Welcome to a new series I’m starting called Questions That Need Answers, where I answer common questions I’ve received with opinions that are my own. From questions on where to start to get involved in tech to my opinions on being a black woman in the Tech industry and what that means.
Last Saturday, I received a text from one of my friends. She had been mulling over the possibility of the tech industry being her next move, motivated by a few experiences she’d had at work. She deals with technical issues in her line of work, though her job is not directly tech related, and she’s curious, which is such an awesome place to be in! It can also be overwhelming and one could end up lost and/or giving up before they’ve even started. I’ve been in that place, and have shared a bit about my humble beginnings (not that I’m too far from that point, but whatever). I wanted to write this post for anyone that is curious about tech and considering it as a career move.
Having a career in tech was something that sounded fantastical to me growing up. There was immediately a barrier on that being a possibility for me. However, I ended up being the Miss Fix-It of my family. When my dad clicked on a link from a pop-up claiming he had a virus that needed to be cleaned with this AMAZING anti-virus program that he had to download RIGHT THIS MINUTE, he called on my help when he wasn’t able to do anything but stare at an endless amount of ads popping up on his desktop. My mom called on me to assist her in restoring that file that she deleted…from the Recycle Bin. For a large number of years, I was the tech support for my family, and when I moved away for college, I became the tech support for my friends. Even still, when I decided to switch my major from print journalism to computer science, I was terrified. Could I even do this???

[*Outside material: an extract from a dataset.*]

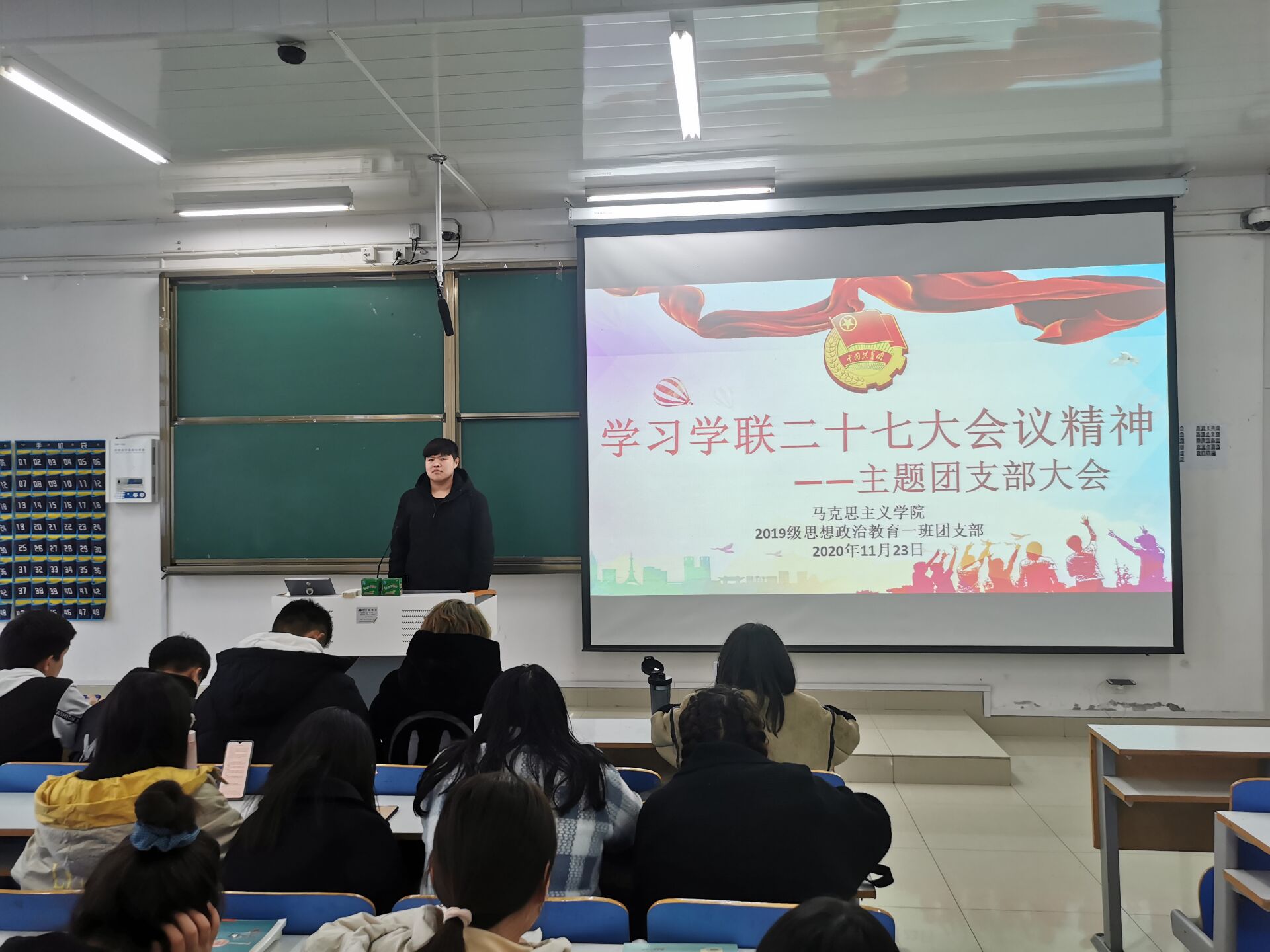 11月23日下午,永利集团官网2019级思想政治教育一班第一团支部在社科楼515教室召开“学习学联二十七大会议精神”主题团支部大会。永利集团官网2019级思想政治教育一班全体成员参加本次会议,会议由团支书贾子漪主持。

There are some things I want to warn you about, things that could serve as discouragement for any budding techie.
- Everyone sounds like they know what they’re doing, even if they don’t. I don’t know why. I am not sure if there is an orientation people go to where they learn to do this, but the confidence is strong with everyone and they will rarely ever let on that they are unsure of anything. Don’t let that intimidate you, because no one knows everything and people barely know what they know.
- You will be confused…a lot. Embrace learning and the processes that go along with it, because that is what you will be doing, over and over again.
- The tech industry is a broad one. What you think you may like, you may actually hate. But you can find a home for you in Tech land, you just need some exposure.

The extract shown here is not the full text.